(The UNC system figures prominently: UNC, A&T, NC State. Also note: "The company also changed the name of the service from Social Sentinel to Navigate360 Detect earlier this year.:)
The promise of social media monitoring is a gift from Facebook but also an extension of our culture's obsession with carceral solutions to social change. I've talked before about how campus police is more robust than the general public realizes.
"In 2014, with support from a Boston-based private equity firm and a New York-based venture capital company, the duo rebranded the service as Social Sentinel, a social media threat alert service."
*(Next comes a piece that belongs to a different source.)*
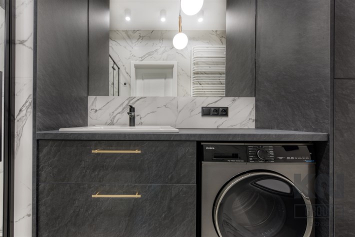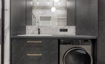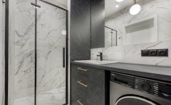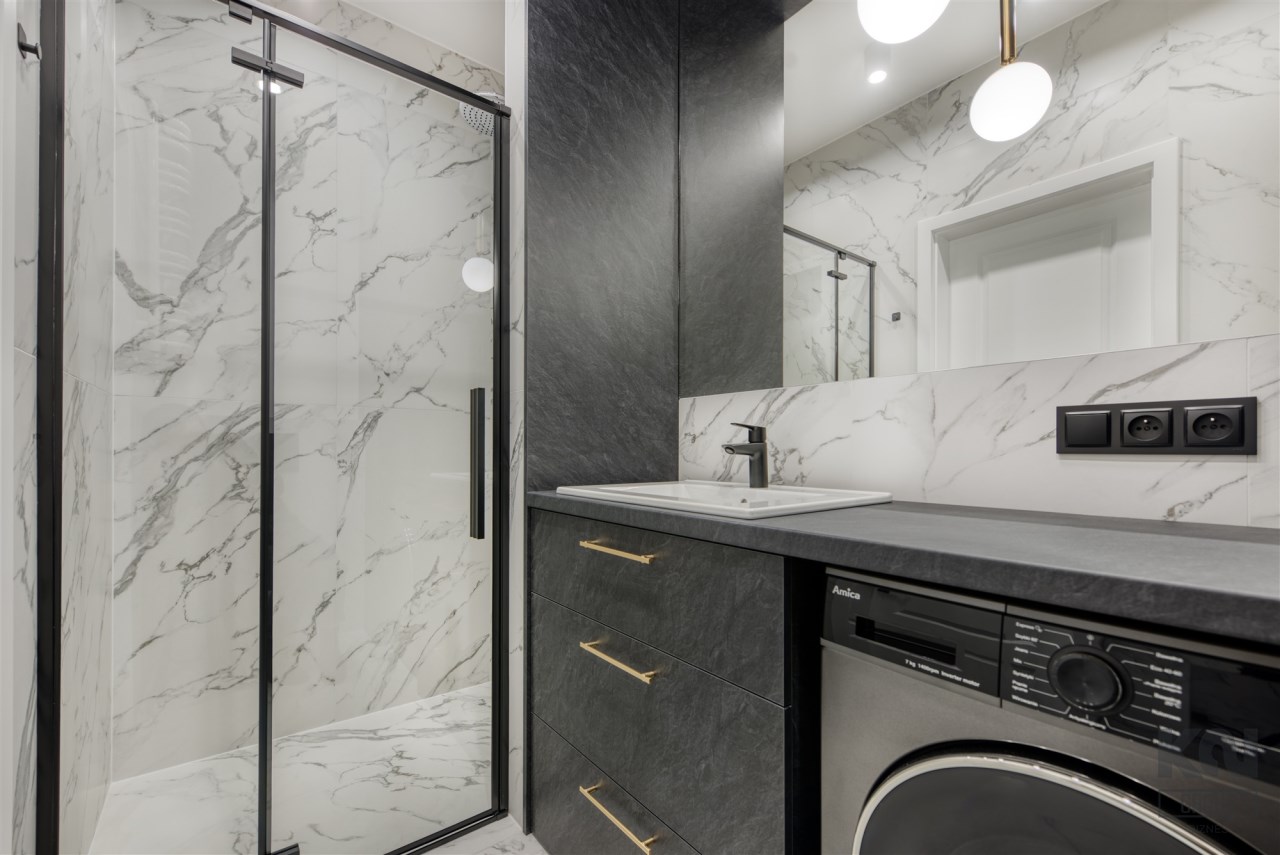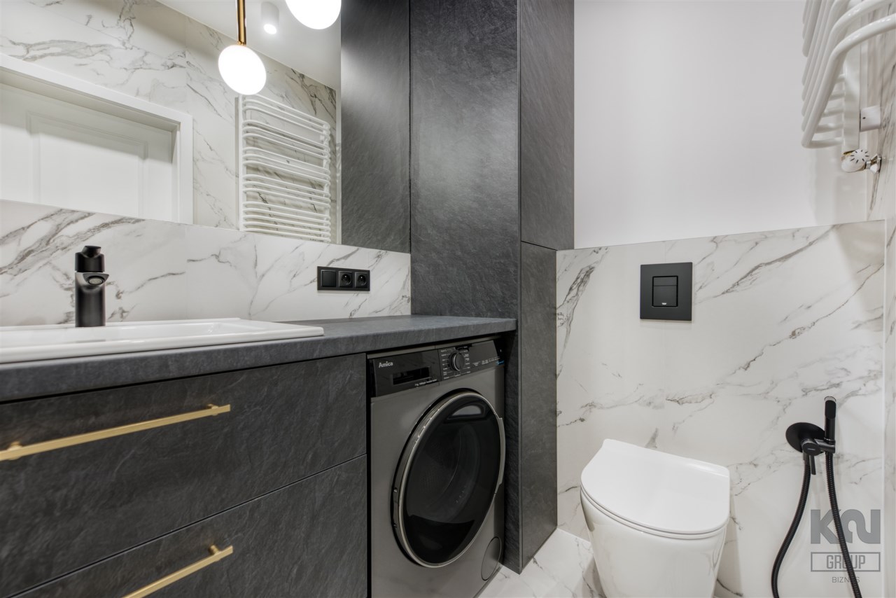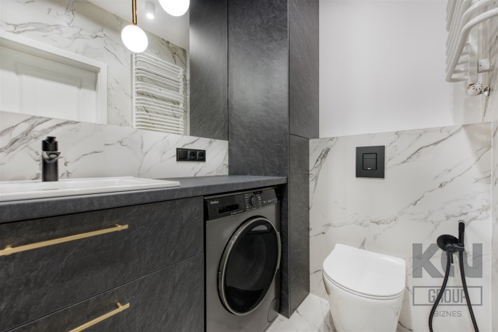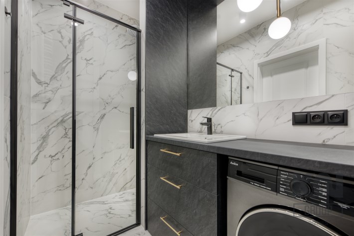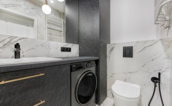 - nowoczesną łazienkę z WC wyposażoną w prysznic oraz pralkę;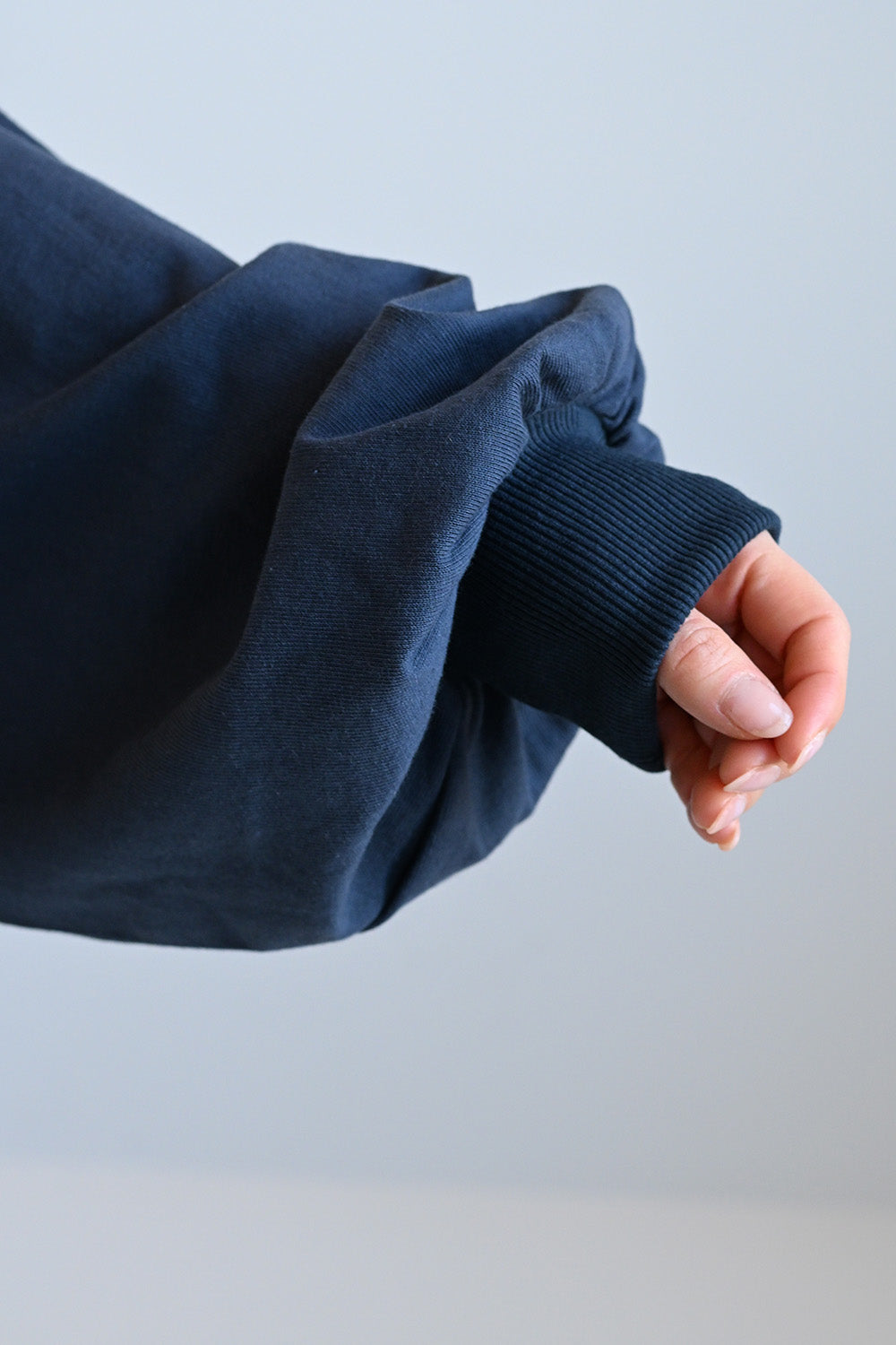 ショート丈と幅広の身幅が生み出す、ニュアンスのあるシルエットが魅力のボリュームプルオーバー。

"The News reached out to every university known to use the service — none of the colleges that responded said they had rules specifically governing Social Sentinel." I say over and over again that universities rarely have a plan for managing the platforms they adopt.
A 1A professor in the piece says the monitoring is clearly at odds with students' rights. We see this over and over again. But there isn't a real mechanism for forcing universities to outline or defend these rights.
Look at these keywords. It doesn't take a gender studies student to spot the gendered impact of surveillance. "Documents obtained by The News show UNC-Chapel Hill’s police department asked the state bureau to surveil pro and anti-abortion protesters in October 2015.
The investigative agency quickly obliged. Emails between the agencies show SBI tracked keywords and hashtags including “Feminist Students United,” “Students for Reproductive Justice,” “#feminist,” “#studentsforlife” and even “#unc.”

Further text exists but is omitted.